Detecting Linguistic HCI Markers in an Online Aphasia Support Group
Yoram M. Kalman, Kathleen Geraghty, Cynthia K. Thompson, Darren Gergle · 2012 · Proceedings of the 14th International ACM SIGACCESS Conference on Computers and Accessibility (ASSETS 2012) · doi:10.1145/2384916.2384928
Summary
This paper investigates whether the language deficits associated with aphasia — an acquired language disorder typically resulting from stroke or brain injury — can be detected in online written communication. The concept of "HCI markers" is introduced: measurable signals generated during human-computer interaction that may reveal information about a user's cognitive, psychological, or physiological state, analogous to how biomarkers like blood sugar levels indicate disease processes. The researchers analyzed 150 messages (14,754 words) posted to a public online aphasia support forum by six people with aphasia and four control participants (relatives or a speech-language pathologist spouse).

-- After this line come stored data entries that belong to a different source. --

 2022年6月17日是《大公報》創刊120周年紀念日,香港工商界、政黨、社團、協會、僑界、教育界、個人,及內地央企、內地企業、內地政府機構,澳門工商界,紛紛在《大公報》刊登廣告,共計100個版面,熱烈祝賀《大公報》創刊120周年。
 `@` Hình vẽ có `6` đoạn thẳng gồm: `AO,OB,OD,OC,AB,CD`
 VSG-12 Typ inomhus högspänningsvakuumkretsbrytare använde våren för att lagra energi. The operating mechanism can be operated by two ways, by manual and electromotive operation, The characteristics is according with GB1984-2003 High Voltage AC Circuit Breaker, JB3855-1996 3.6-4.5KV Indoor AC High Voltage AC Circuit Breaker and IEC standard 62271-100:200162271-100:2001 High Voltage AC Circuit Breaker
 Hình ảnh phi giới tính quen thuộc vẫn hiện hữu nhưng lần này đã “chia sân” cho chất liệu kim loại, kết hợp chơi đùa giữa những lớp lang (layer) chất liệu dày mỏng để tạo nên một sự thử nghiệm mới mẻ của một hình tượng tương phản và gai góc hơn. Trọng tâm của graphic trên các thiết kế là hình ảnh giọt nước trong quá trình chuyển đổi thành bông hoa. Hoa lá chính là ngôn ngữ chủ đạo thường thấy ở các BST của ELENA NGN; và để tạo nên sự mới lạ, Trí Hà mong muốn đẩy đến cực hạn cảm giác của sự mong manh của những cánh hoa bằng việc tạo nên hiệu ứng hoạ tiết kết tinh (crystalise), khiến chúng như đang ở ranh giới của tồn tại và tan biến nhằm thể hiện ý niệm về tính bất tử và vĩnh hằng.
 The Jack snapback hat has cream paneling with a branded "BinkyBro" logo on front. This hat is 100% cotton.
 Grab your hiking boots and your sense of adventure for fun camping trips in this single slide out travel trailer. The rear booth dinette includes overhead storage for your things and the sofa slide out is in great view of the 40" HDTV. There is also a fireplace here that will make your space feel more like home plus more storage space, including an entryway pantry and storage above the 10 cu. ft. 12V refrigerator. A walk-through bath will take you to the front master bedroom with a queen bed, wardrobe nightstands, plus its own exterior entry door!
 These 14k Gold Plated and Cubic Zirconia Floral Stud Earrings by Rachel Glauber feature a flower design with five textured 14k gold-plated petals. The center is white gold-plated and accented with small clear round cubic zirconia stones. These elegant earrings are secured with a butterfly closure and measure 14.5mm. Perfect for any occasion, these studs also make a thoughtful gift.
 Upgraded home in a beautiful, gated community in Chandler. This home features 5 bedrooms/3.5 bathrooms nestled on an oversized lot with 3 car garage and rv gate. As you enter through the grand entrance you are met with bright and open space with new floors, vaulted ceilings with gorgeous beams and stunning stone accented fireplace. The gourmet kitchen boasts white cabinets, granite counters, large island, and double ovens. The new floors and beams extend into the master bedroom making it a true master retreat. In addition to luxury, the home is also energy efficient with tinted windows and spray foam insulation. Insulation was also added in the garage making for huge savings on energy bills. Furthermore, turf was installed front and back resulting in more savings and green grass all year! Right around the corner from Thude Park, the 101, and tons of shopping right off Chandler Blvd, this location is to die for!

Messages were segmented into utterances, coded for parts of speech using the Penn Treebank framework, and analyzed for errors including grammatical errors, morpheme inflection errors, and errors in open class words (nouns, verbs, adjectives, adverbs) and closed class words (prepositions, articles, conjunctions). Seven linguistic variables were tested using conservative nonparametric Wilcoxon signed-rank tests to compare the two groups.
Key findings
Five of the seven linguistic variables showed significant differences between people with aphasia and controls (p ≤ 0.01), establishing them as candidate HCI markers for aphasia. People with aphasia had significantly shorter mean length of utterance (8.72 vs 14.75 words), higher rates of ungrammatical sentences (31.17% vs 5.28%), more morpheme inflection errors (7.40% vs 1.05%), more open class word errors (4.03% vs 0.03%), and more closed class word errors (4.03% vs 0.36%). Two variables — the open/closed class word ratio and noun/verb ratio — did not differ significantly between groups. Notably, despite having effectively unlimited time to compose online messages (unlike pressured spoken conversation), people with aphasia still produced shorter utterances and more errors, demonstrating that key aphasic language characteristics persist in asynchronous computer-mediated communication. There was also high variability within the aphasia group, consistent with the heterogeneous nature of the condition.
Relevance
This pioneering study opens up the possibility of using naturally occurring online text as a low-cost, unobtrusive tool for monitoring language abilities in people with aphasia. For accessibility practitioners, the five identified HCI markers could inform the design of adaptive interfaces that detect language difficulties and adjust accordingly — for example, simplifying text input options or offering communication support when linguistic markers suggest a user may benefit from it. The research also has implications for longitudinal health monitoring: analysing archived emails, social media posts, or forum messages could help clinicians track language recovery after stroke or detect progressive decline in conditions like Primary Progressive Aphasia. The study is limited by its small sample size and reliance on self-reported diagnoses, but it establishes an important proof of concept for using digital communication patterns as health-related signals — a concept with broad applicability beyond aphasia to other cognitive and neurological conditions.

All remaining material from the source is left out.